ИШ: А книги я читать не умел. Да их и не было… Я очень хорошо помню первый день войны. Для меня он запомнился таким образом. Середина дня, часов двенадцать, я сижу в постели и бабушка меня одевает. Были такие чулки с резинками, которые надо застёгивать. Бабушка застёгивает резинки, что-то не получается. Вдруг забегает соседка, что-то говорит, и бабушка убегает вместе с соседкой к ней, слушать радио… А меня это возмущает: как это так? Она чулок не надела, а уже убегает, неужели есть события важнее чем я! Она возвращается: «Ой, ой, война, война…». А я ещё слова этого не знаю — война. Сначала была речь Молотова… Сталин — где-то через две недели…

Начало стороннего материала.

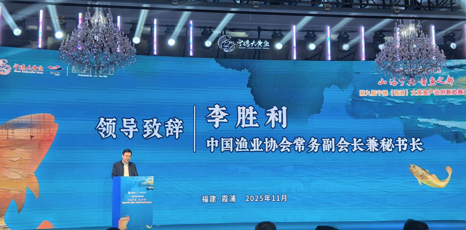 李胜利常务副会长兼秘书长在致辞中指出,宁德市以“国鱼计划”为战略引领,统筹推进种苗培育、生态养殖、精深加工、品牌打造、市场拓展全链条升级。今年,宁德市又成立大黄鱼产业专班与产业协会,为产业高质量发展注入强劲动力,充分彰显了打造世界级大黄鱼产业集群的坚定决心与责任担当。他指出,2014年中国渔业协会在宁德成立了大黄鱼分会。分会成立以来,通过编撰产业发展报告、制定行业标准规范、组织企业参与展会、开展技术培训与质量检测、推进产品追溯体系建设、推动跨区域合作培育硇洲族大黄鱼苗种等一系列务实举措,持续促进产业协同创新,有效破解发展瓶颈难题。他强调,中国渔业协会愿继续与宁德市深化战略合作,共同提升宁德大黄鱼的品牌价值与核心竞争力,携手谱写大黄鱼产业高质量创新发展的崭新篇章。

И сразу же начались бомбёжки, но у нас дом был приспособлен, там были очень хорошие бомбоубежища: мы спускались вниз, под землю. Двери закручивались большими рычагами, и там сидит весь дом, пока тревогу не отменят. Радио было необходимо, потому что без него не знаешь сигналов тревоги. Это всё передавалось по радио: «Внимание, внимание, воздушная тревога…». Был такой диктор — Левитан.

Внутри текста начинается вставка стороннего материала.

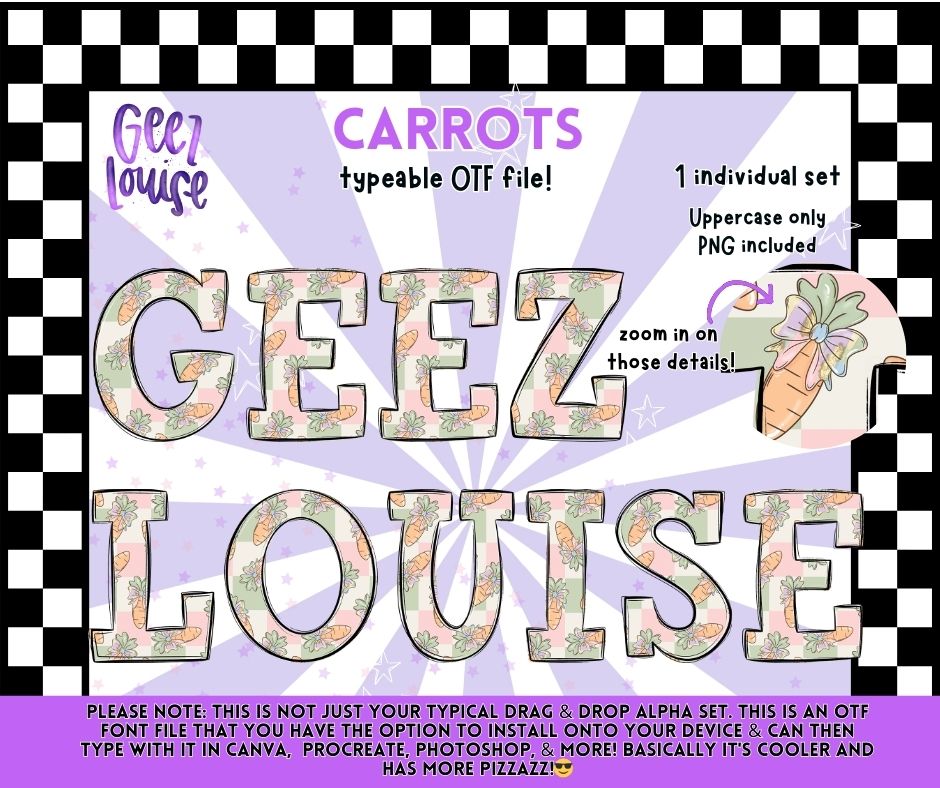 Carrots OTF Font | Uppercase Typeface + PNG | Spring Alphabet Design

Первые годы войны — были самыми-самыми трудными. Потом, где-то после 1943-го начали возвращаться жильцы, появились какие-то дети, с которыми я стал знакомиться во дворе. И Белла Ахмадулина… Помню, мы сидим в квартире, ещё приходили дети из соседних квартир, и вдруг выходит Белла, такая начитанная, и говорит: «А давайте играть в бедных». Она начиталась Андерсена, а мы и так все бедные, зачем нам играть… Мы наоборот играли в богатых: задавали друг другу вопросы, ты сколько пирожных съешь? Сто съешь? А я съем. А тысячу?

Потом последний день войны – ликование. Вечером — салют, прожектора, бросали монеты. Деньги мало что стоили и потом, на следующий день, можно было набрать денег очень много.

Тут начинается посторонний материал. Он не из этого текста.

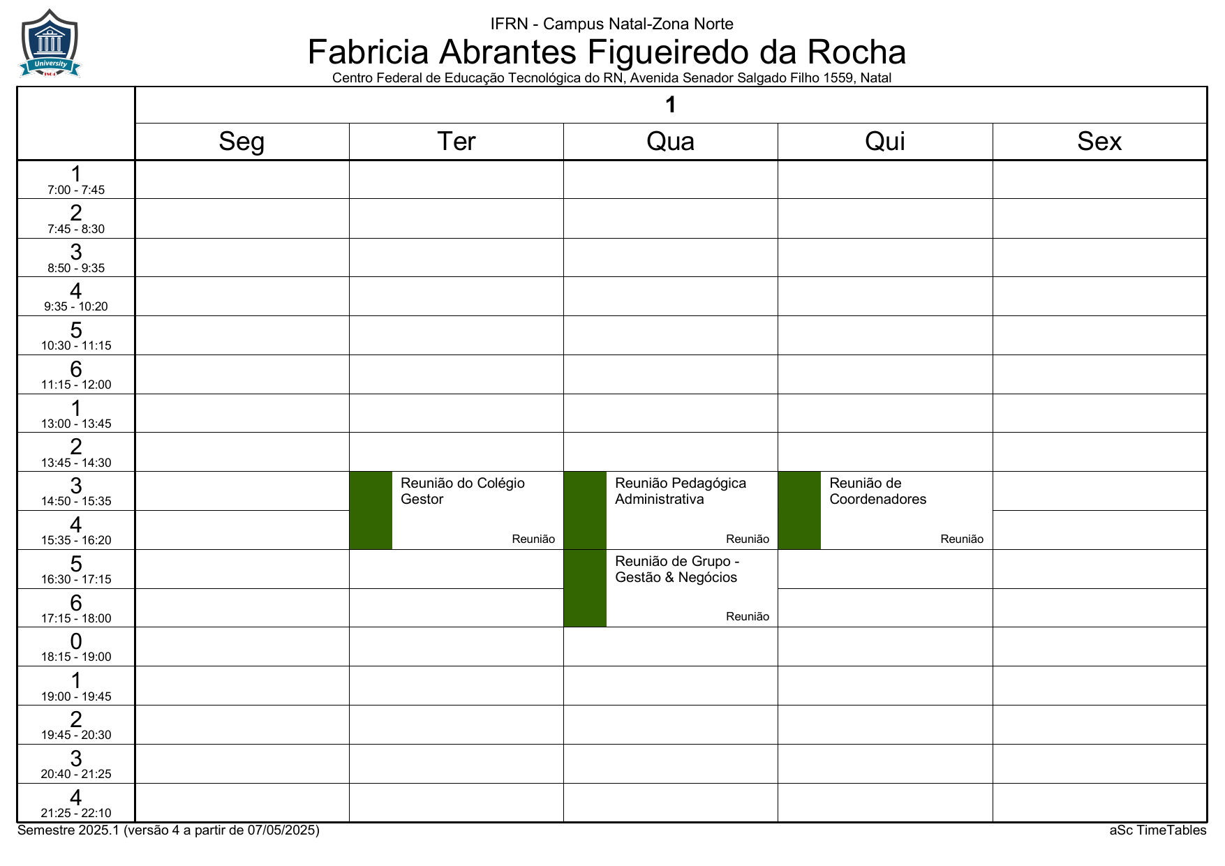 IFRN/ZN: Horário Acadêmico

Когда я учился в школе, первый класс был отличником, весь в пятёрках, а после пятого класса стал прогуливать занятия. Прогуливать мы все очень любили. Причём, это сейчас потепление климата. Раньше зима — это каждые две недели морозы, а при –35С разрешали не ходить в школу. Мы собирались всей «бандой» и шли в кино. Товарищ Сталин сделал большое упущение — разрешил показывать голливудское кино. Перед каждым таким зарубежным фильмом была большая надпись, что фильм взят в качестве трофея после победы советских войск…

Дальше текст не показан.